Really not sure what I'm even looking at. They say:

"The constitution is a crucial part of our model training process, and its content directly shapes Claude’s behavior"

And do not elaborate on that at all. How does it directly shape things more than me pasting it into CLAUDE.md?

Replies

nonethewiser • today at 6:34 PM

>We use the constitution at various stages of the training process. This has grown out of training techniques we’ve been using since 2023, when we first began training Claude models using Constitutional AI. Our approach has evolved significantly since then, and the new constitution plays an even more central role in training.

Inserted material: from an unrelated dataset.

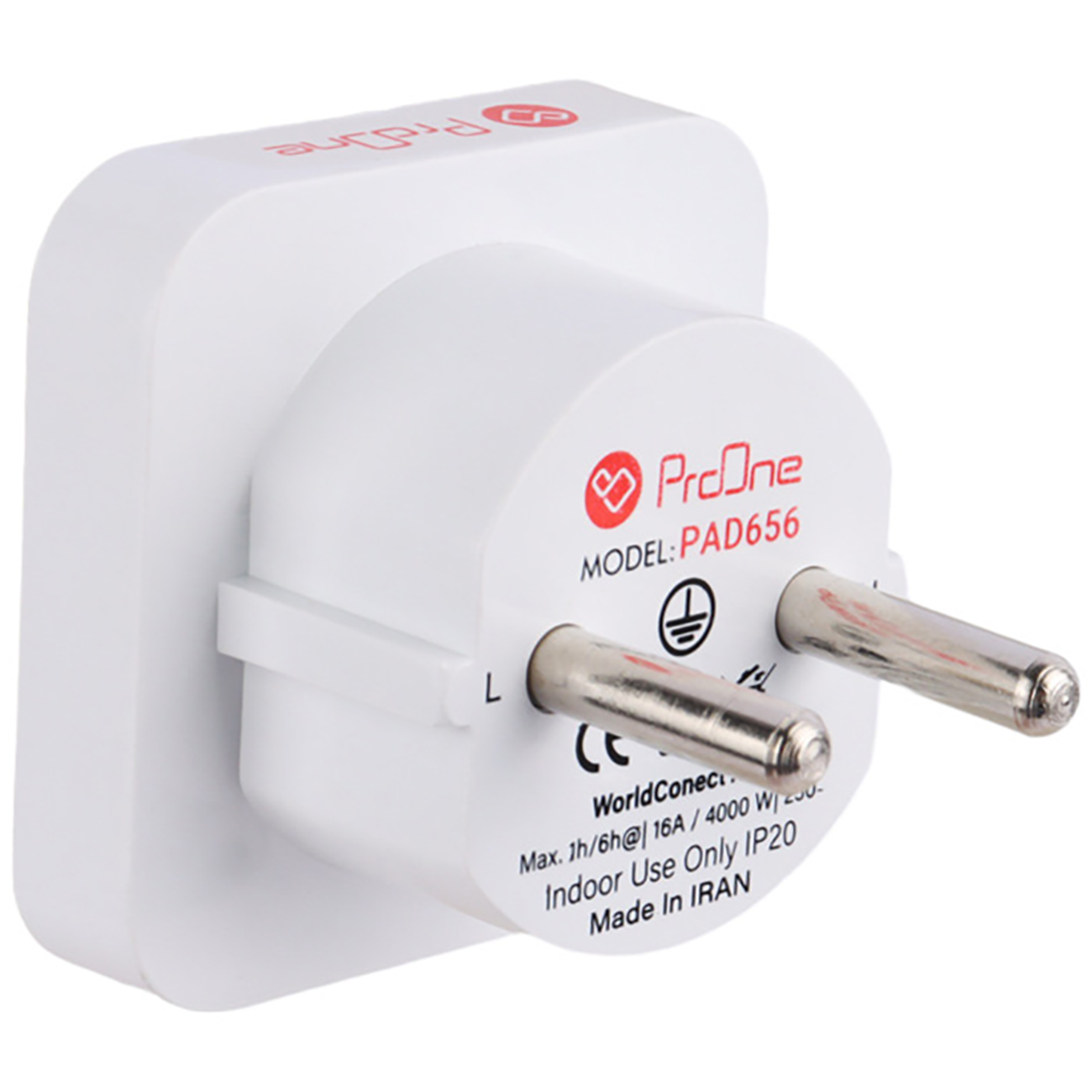پرووان تبدیل برق 3 به 2 PROONE PAD60 POWER PLUG ADAPTOR را از پلاستیک مقاوم ساخته، که در برابر حرارت و ضربه مقاومت بالایی دارد.

>Claude itself also uses the constitution to construct many kinds of synthetic training data, including data that helps it learn and understand the constitution, conversations where the constitution might be relevant, responses that are in line with its values, and rankings of possible responses. All of these can be used to train future versions of Claude to become the kind of entity the constitution describes. This practical function has shaped how we’ve written the constitution: it needs to work both as a statement of abstract ideals and a useful artifact for training.

The linked paper on Constitutional AI: https://arxiv.org/abs/2212.08073

➕ show 1 reply

colinplamondon • today at 7:02 PM

It's a human-readable behavioral specification-as-prose.

If the foundational behavioral document is conversational, as this is, then the output from the model mirrors that conversational nature. That is one of the things everyone response to about Claude - it's way more pleasant to work with than ChatGPT.

The Claude behavioral documents are collaborative, respectful, and treat Claude as a pre-existing, real entity with personality, interests, and competence.

Ignore the philosophical questions. Because this is a foundational document for the training process, that extrudes a real-acting entity with personality, interests, and competence.

The more Anthropic treats Claude as a novel entity, the more it behaves like a novel entity. Documentation that treats it as a corpo-eunuch-assistant-bot, like OpenAI does, would revert the behavior to the "AI Assistant" median.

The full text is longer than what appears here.